Le violenze nella Cisgiordania occupata non si placano. Ma mentre a Jenin l’esercito israeliano ha attaccato via cielo il campo profughi e nel sud avanzano i piani di evacuazione forzata della popolazione palestinese, nel mirino di Tel Aviv è finita anche una scuola costruita con i soldi della Cooperazione italiana. Domenica 18 maggio la scuola elementare del villaggio di Khirbet Um Qussa, nell’area di Masafer Yatta, ha infatti ricevuto un ordine di demolizione da parte dell’amministrazione civile israeliana: “Circa 60 bambini perderebbero il diritto di studiare.

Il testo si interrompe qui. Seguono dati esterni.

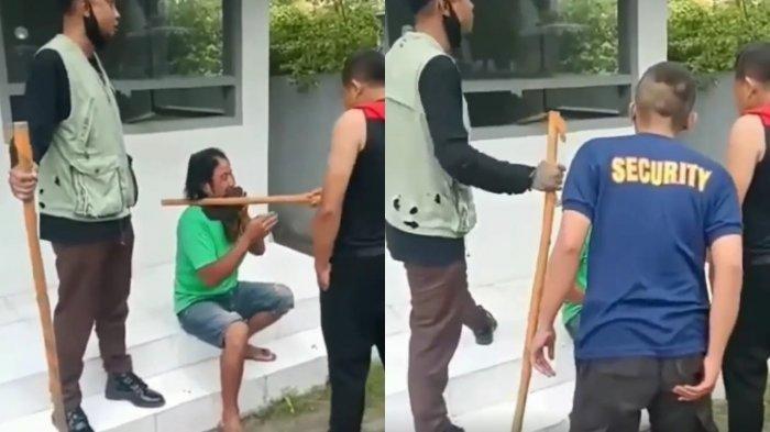 Tangkapan layar dari video seorang tukang becak yang dikira maling tengah dipukuli satuan pengamanan (satpam) di depan pos satpam Museum Keris Solo pada Jumat (17/4/2020) pukul 15.30 WIB.

La scuola più vicina è a 8 chilometri di distanza” dice a Ilfattoquotidiano.it Ali Awad, attivista palestinese del movimento Youth of Sumud.
La scuola è stata finanziata nel 2020 dall’Agenzia Italiana per la Cooperazione allo Sviluppo (Aics) e nasce originariamente come un agglomerato di tende. Oggi la struttura è composta da otto aule che ospitano circa 60 studenti – tra la prima e la quarta classe – provenienti da Um Qussa e dalle comunità vicine di Al-Makhroub e Al-Obaidiya. Già nel novembre del 2022, l’esercito ha raso al suolo la scuola di As-Sfai, finanziata dall’Ue, nella stessa area.

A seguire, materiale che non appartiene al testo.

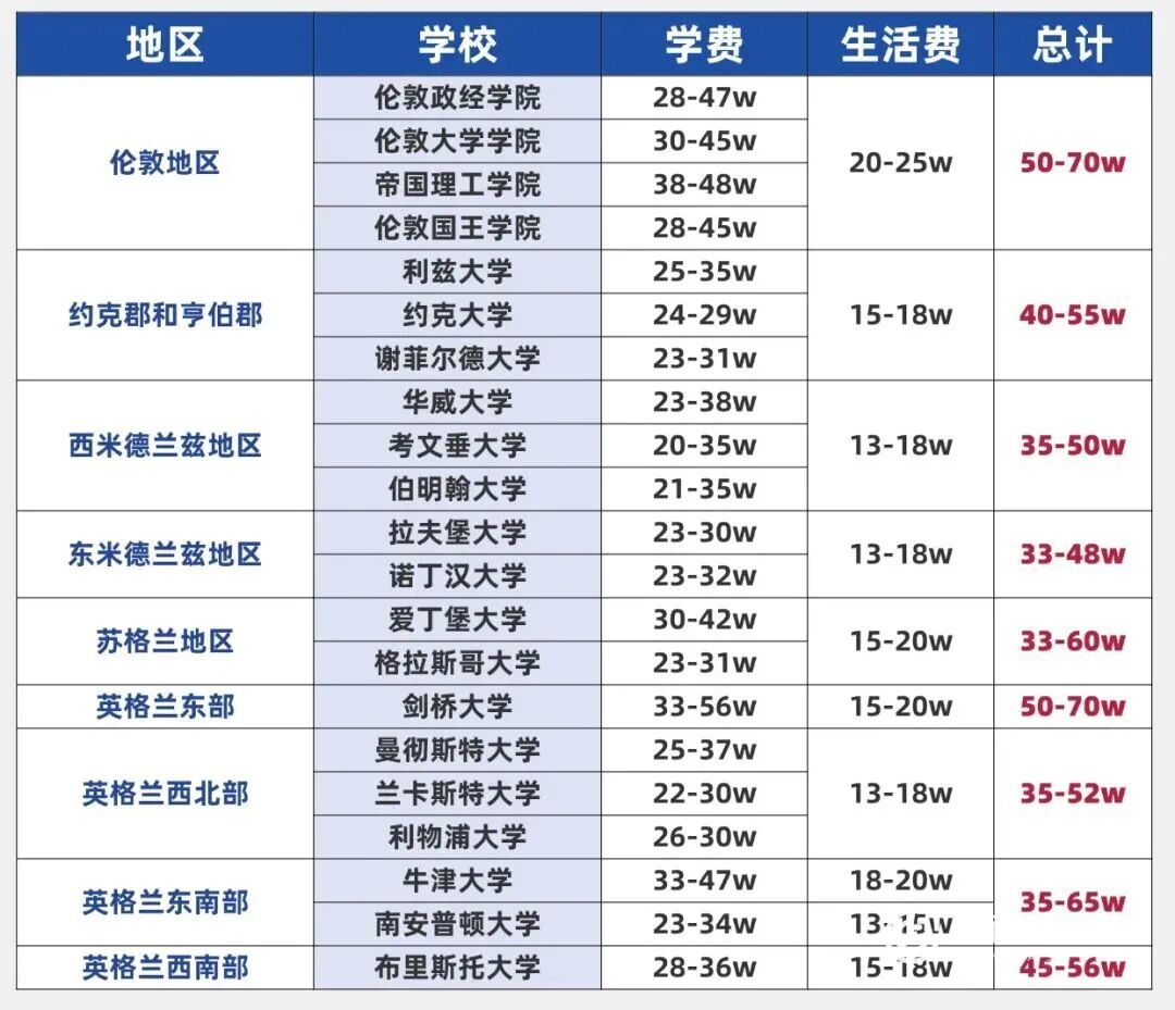 G5名校一年3.5-6万英镑,大约32万-56万人民币,商科最贵能超5万英镑,理工科4万-4.5万英镑,人文社科最友好;普通院校就亲民多了,一年24万-40万人民币能搞定。

Le demolizioni menzionate non sono altro che la punta dell’iceberg di un progetto ben più ampio di annessioni. “L’esercito di occupazione ti rende la vita impossibile. È evidente che l’obiettivo del governo israeliano è quello di annettere la zona C allo Stato di Israele”, afferma Issa Amro, attivista palestinese e fondatore del movimento non violento Youth Against Settlement, Hebron (al-khalil).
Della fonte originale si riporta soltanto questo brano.